The Objective: Offer Scalable Solution to reduce the Operational Cost
An American fashion retailer wanted to migrate their existing applications which were running on the Hadoop, Hive cluster on-premise migration to Google Cloud Platform. The objective was to build a scalable solution that leverages open-source technologies and minimizes operational costs.
Challenges: High Operational cost & limited scalability
The client wanted to leverage GCP technologies for reducing operational costs and risk mitigation for their business. They wanted to move their data (transactions and customer data) and the pipeline processing from the on-premise Cloudera Data warehouse Migration to the Google Cloud Platform for better query performance and efficient business continuity.
The Solution: Lift and Shift migration to GCP
Datametica followed an agile approach for this implementation and delivered the following:
- Assessment and GCP Foundation setup which included analysis of Operational and analytics requirements, detailed migration strategy, and GCP Foundation Design document and configuration files to set up the Foundation Layer. Terraform scripting was used to maintain “Infra as Code”
- Historical Data Migration from on-prem tables to GCP.
- Enabled consumption layer on Cloud (Big Query – Soft Launch) where we pushed the processed data only for the final tables into Big Query so that business users could be migrated to the GCP platform for data access.
- Ingestion, rewriting and processing code migration to make it compatible with the GCP cloud platform.
- Scheduled jobs via Control-M and orchestrated via Cloud Composer.
- Performed continuous data validation using Datametica’s automatic data validation tool – Pelican to provide test evidence for the functional accuracy of the data.
- Implemented optimal partitioning and clustering strategy to improve query performance and reduce scan cost.
- Usage of managed DataProc clusters removed the need for Infra Management of Cluster.

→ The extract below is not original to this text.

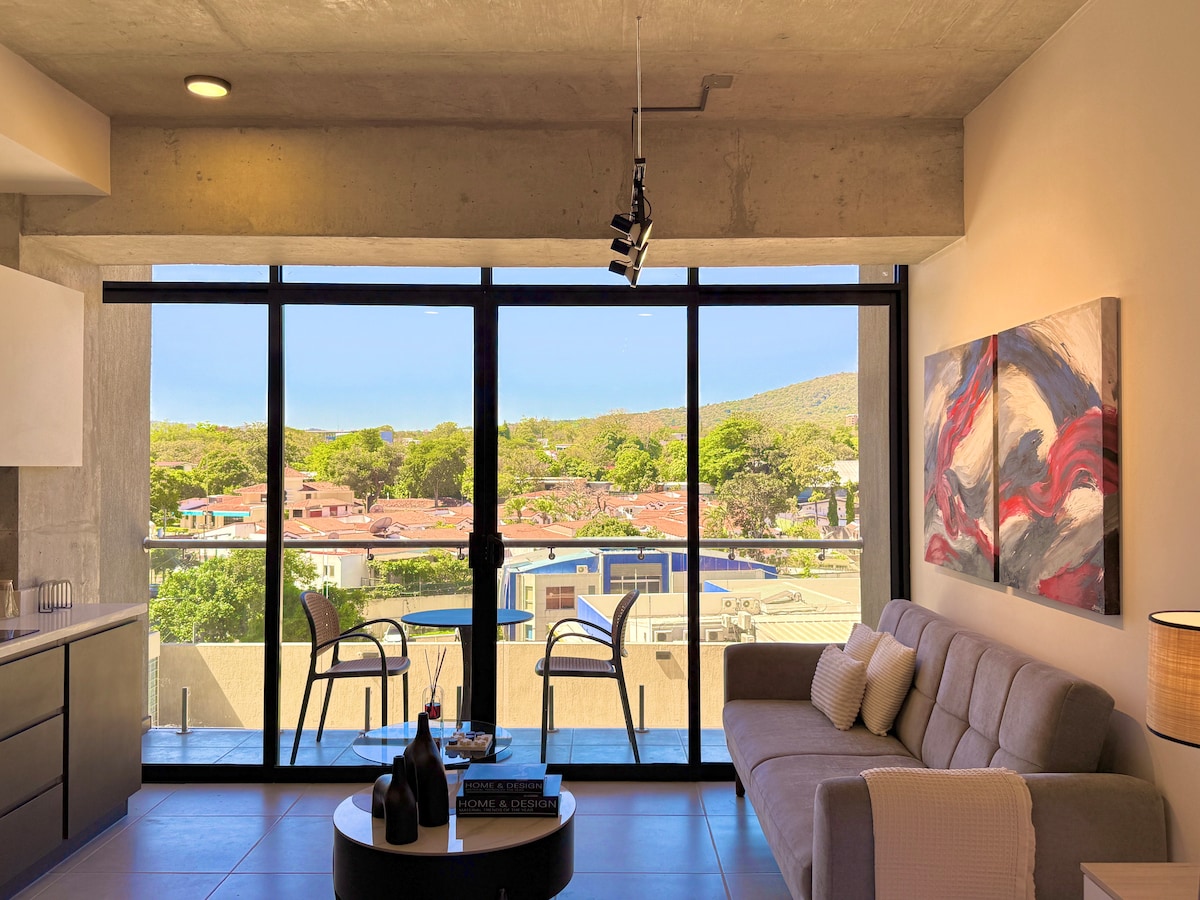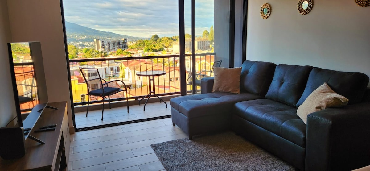 Apartamento nuevo, totalmente equipado y amueblado con una sola cama matrimonial, con decoración moderna pensado en garantizarte una cómoda y agradable estadía. Ideal para relajarte, disfruta de tu café por la mañana en la terraza con una gran vista a la ciudad o disfruta una copa de vino en la noche con la excelente vista a San Salvador. En una zona céntrica, estratégica y segura, cerca de supermercados, centros comerciales. A solo 40 minutos del Aeropuerto,

Benefits: Improved Performance with Reduced operations cost
- Reduction in operational cost by 67%. We implemented an automated cluster startup and shut down mechanism and also implemented cluster auto-scaling to reduce operational costs.
- Usage of Terraform for maintaining “Infra as code” enabled automated Infra setup and upgrades.
- Easy scalability with minimum cost and effort.
- Better performance of queries and reporting time.